DATASET EXCERPT:

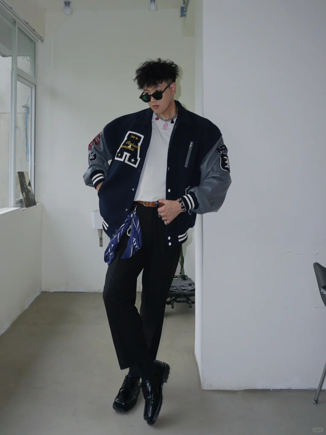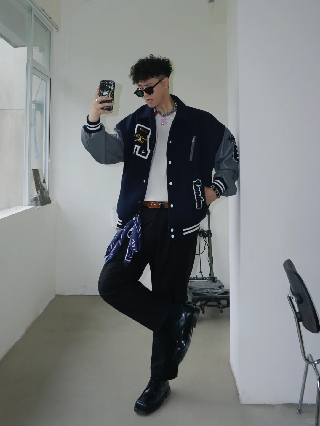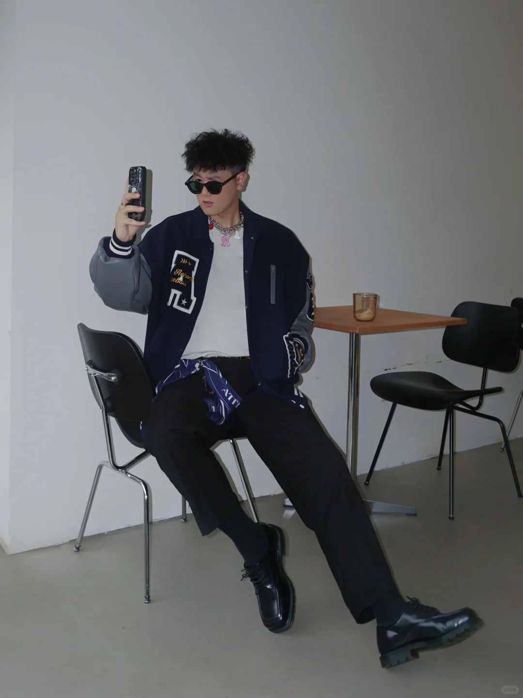 棒球服配西裤也太雅痞绅士了吧▪️❕ 秋冬穿暗蓝色🌊莫名自带一种学院风~ 悟出Athflow新奥义💡如今天Outfit示范: 用绅士感裤装➕街头风的单品叠搭即可~ 蓝丝巾不一定要系脖领处✔️也太严肃了, 系腰间的浪漫是顶男的小把戏✨拿捏了~ 新入的马丁方头德比▪️还挺有时装那味儿, 隐隐显高🦵再卷个头发出门别叫我韩男嗷💯~ - ▪️Fitcheck▪️ 👔: 👖:🕶️: ACCRUE 💎:BAI 👞:Martens马丁 - -
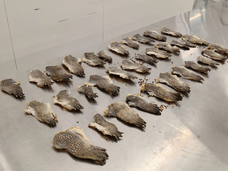 据介绍,当日,皇岗海关关员在福田口岸对进境旅客及其行李物品进行监管时,发现一名旅客进入海关监管区时未向海关申报,且携带的行李箱机检图像异常,随即对其进行拦截检查。经查验,海关关员在该旅客行李箱内发现用塑料袋包装的疑似鳄鱼掌34件,净重2公斤。后经深圳海关动植物检验检疫技术中心鉴定,上述物品为暹罗鳄鳄鱼掌。暹罗鳄属于《濒危野生动植物种国际贸易公约》(CITES)附录Ⅰ所列物种。
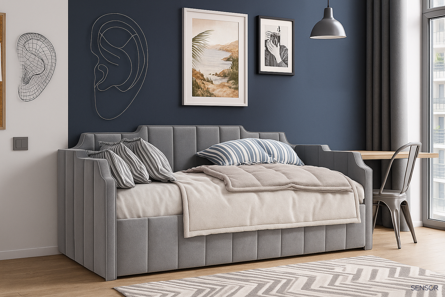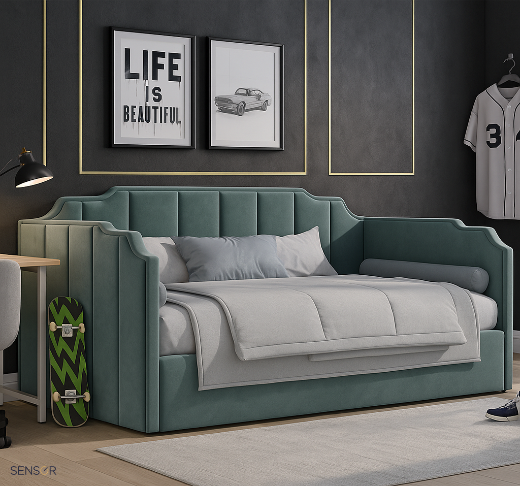 Диван-кровать Теодор для современной детской комнаты. Стильная модель, без лишних деталей, все продуманно до мелочей. Прекрасно впишется в комнату подростка, подойдет в интерьер как для девочки так и для мальчика. Большой выбор дизайнерских тканей позволит подобрать именно ваш вариант по цвету.

DESCRIPTION OF THE TASK: Copy the listing exactly. Any image in it stays out of the copy.

RESPONSE TO THE TASK:
 棒球服配西裤也太雅痞绅士了吧▪️❕ 秋冬穿暗蓝色🌊莫名自带一种学院风~ 悟出Athflow新奥义💡如今天Outfit示范: 用绅士感裤装➕街头风的单品叠搭即可~ 蓝丝巾不一定要系脖领处✔️也太严肃了, 系腰间的浪漫是顶男的小把戏✨拿捏了~ 新入的马丁方头德比▪️还挺有时装那味儿, 隐隐显高🦵再卷个头发出门别叫我韩男嗷💯~ - ▪️Fitcheck▪️ 👔: 👖:🕶️: ACCRUE 💎:BAI 👞:Martens马丁 - -
 据介绍,当日,皇岗海关关员在福田口岸对进境旅客及其行李物品进行监管时,发现一名旅客进入海关监管区时未向海关申报,且携带的行李箱机检图像异常,随即对其进行拦截检查。经查验,海关关员在该旅客行李箱内发现用塑料袋包装的疑似鳄鱼掌34件,净重2公斤。后经深圳海关动植物检验检疫技术中心鉴定,上述物品为暹罗鳄鳄鱼掌。暹罗鳄属于《濒危野生动植物种国际贸易公约》(CITES)附录Ⅰ所列物种。
 Диван-кровать Теодор для современной детской комнаты. Стильная модель, без лишних деталей, все продуманно до мелочей. Прекрасно впишется в комнату подростка, подойдет в интерьер как для девочки так и для мальчика. Большой выбор дизайнерских тканей позволит подобрать именно ваш вариант по цвету.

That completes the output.